In the vacuum opened by Europe, there was space leftover for countries such as Brazil. The University of São Paulo (USP), in 97th place, and the State University of Campinas (Unicamp), in 190th position, appear in the Cybermetrics list more than one hundred positions ahead of their placements in the ranking from the Shangai Jiao Tong University. The zeal with which they take care of their domains on the web, helps to understand their good placement. Unicamp, for example, determined that the references to the institution on personal pages and in studies from the teaching staff are standardized to facilitate the task of those doing the ranking. “But the most relevant question is that our scientific production is strongly linked to the best periodicals and the major part of them is on the internet”, says Unicamp’s pro-rector of Research, Daniel Pereira.

A significant portion of the Unicamp researchers have created personal links in which they disclose their academic activities. The university does not just give support to this initiative, but is attempting to turn these pages more viable and accessible. An experiment is taking place on the page of the Pro-Rectory of Research, with the creation of a link for “virtual thematic networks at Unicamp”. Such networks are no more than the lists of researchers and of their personal pages involved in major research areas such as nanotechnology, bioenergy, public health, and information technology, among others. “We want to give visibility to the researchers within these areas in order to identify new partnerships and opportunities”, says pro-rector Pereira. The Federal University of Santa Catarina (UFSC) is another positive highlight. It emerges as the third Brazilian institution in the ranking, in 281st place in the general classification. “The internet was born early at our university and shortly afterwards all laboratories, research groups and subgroups had their homepages linked to the institution”, says UFSC’s vice-rector, Ariovaldo Bolzan. “We were the first institution to make available all of our theses in PDF format, this way back in 1990’s.”

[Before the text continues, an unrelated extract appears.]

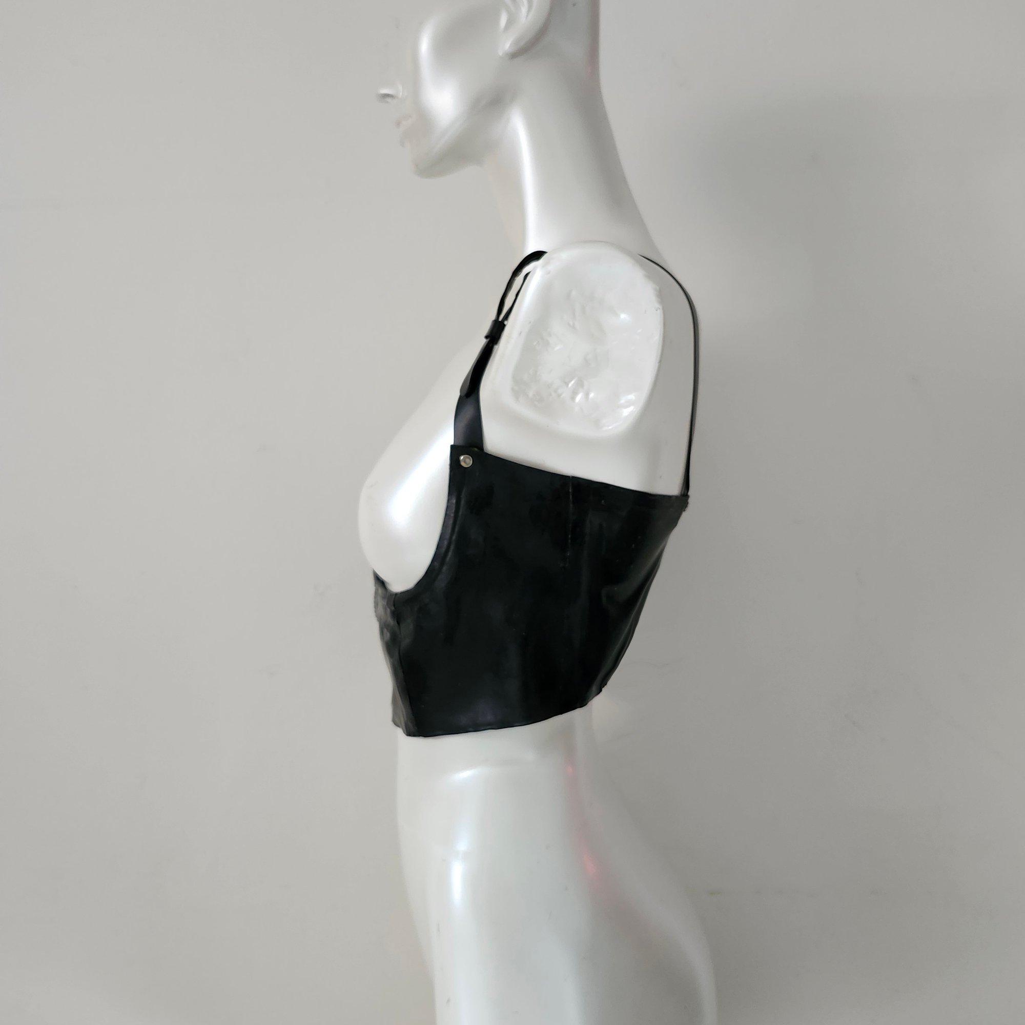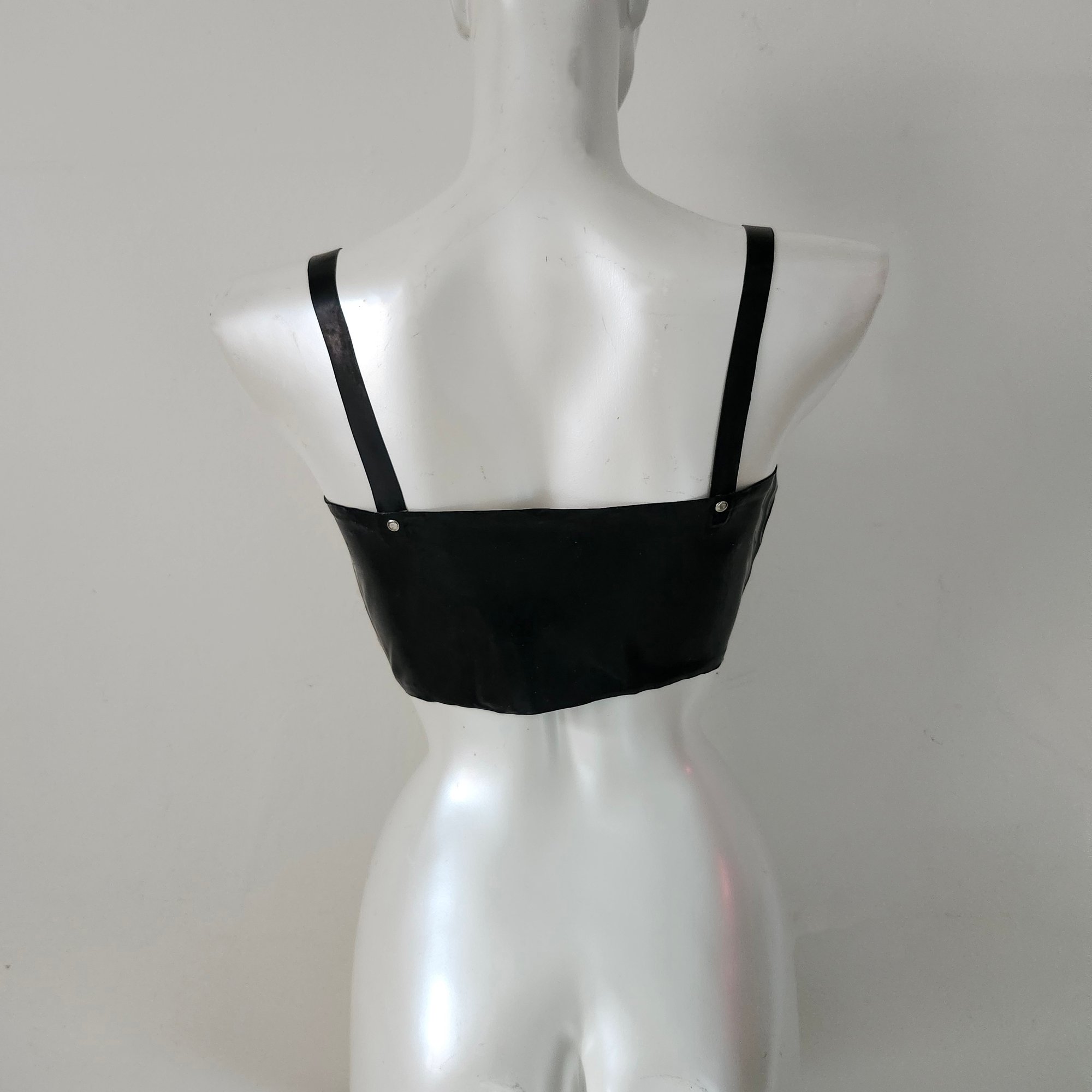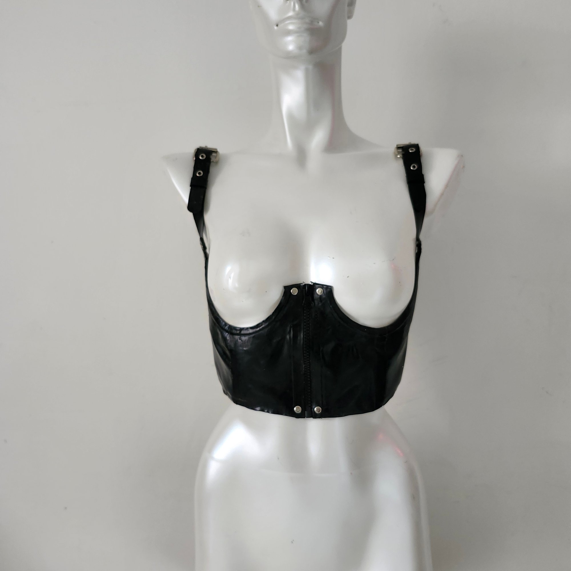 This piece boasts a boned and reinforced body, a front zipper with hardware detailing, as well as hardware at the adjustable shoulder straps. With latex garments we usually size down from your actual size for a body cinching fit.

The index obtained by the institutions result from the weighing of four factors. One of them is the quantity of institution pages identified by four major search tools. The second involves visibility and evaluates the number of external links that refer to the university page. The third measures academic production, evaluating the number of Word, PDF, PowerPoint and postscript archives, a symptom of availability on the web of theses, seminars and presentations. Finally, the Google Scholar tool is made use of to know the number of the institution’s scientific articles available on the web in open access electronic publications. Harvard was the first only in the item Google Scholar, being overtaken by its rivals in the first three factors.

The methodology, naturally, does not rival with that of the conventional rankings, those that effectively draw upon the academic consistency of the institution, contemplating variables such as the existence of Nobel Prize winners, the impact of scientific articles and the opinion of academics. “Two major English institutions, Manchester University and Imperial College, appear in a very unfavorable situation, in spite of the high quality of their academic production”, observes Unicamp’s pro-rector, Daniel Pereira. “It’s interesting to be well placed on the Cybermetrics ranking, but our objective continues to be that of being among the hundred best in the world – in  the traditional rankings”, he says.

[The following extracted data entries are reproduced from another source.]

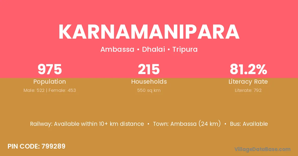 Ambassa (24 km) is the nearest town to Karnamanipara village for major economic activities and is located approximately 24 km away.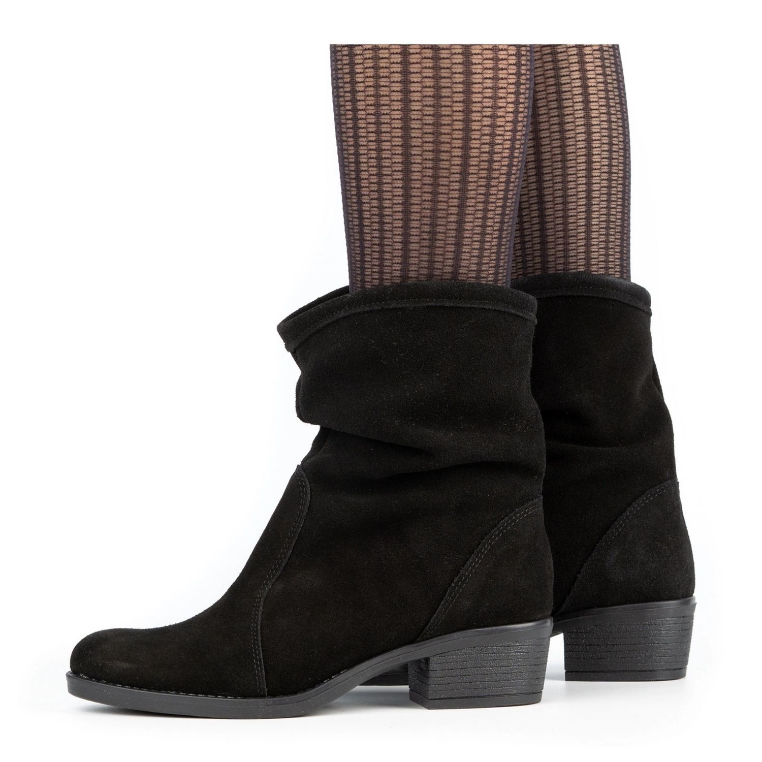 Les bottes se mélangent bien avec des robes, des jupes et des pantalons ajustés - le talon élimente optiquement la silhouette, et la couleur noire classique facilite l'installation du manteau ou du sac. Le modèle est également disponible dans d'autres variantes de couleur.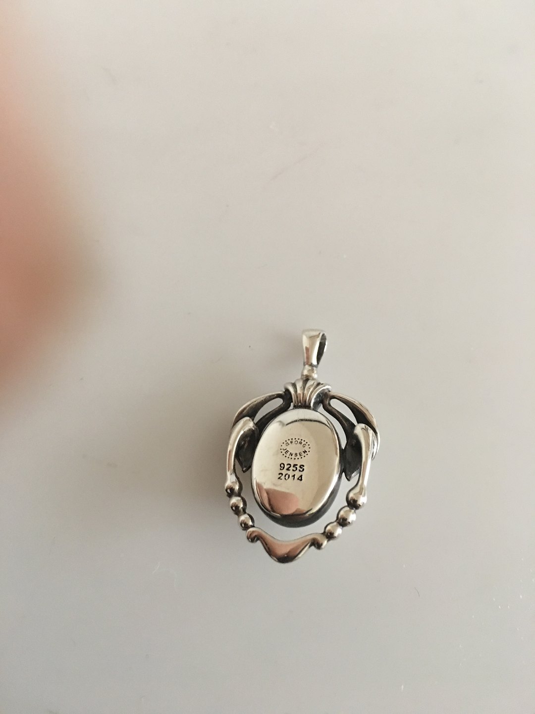 Georg Jensen Sterling Silver 2014 Annual Pendant with Silver Stone. Measures 3 cm (1 3/16"). Weighs under 5 grams.

Those responsible for the Cybermetrics laboratory state that their intention is not to de-value consecrated universities. “If an institution’s performance is below the expected position in accordance with its academic excellence, its administrators should reconsider their policy in relation to the web and improve the quality and the quantity of their electronic publications”, suggests Isidro Aquillo, one of the researchers who carried out the ranking. “Our objective is simply to provide extra motivation for researchers throughout the world to publish their scientific content on the web in greater abundance and quality”, he finalized.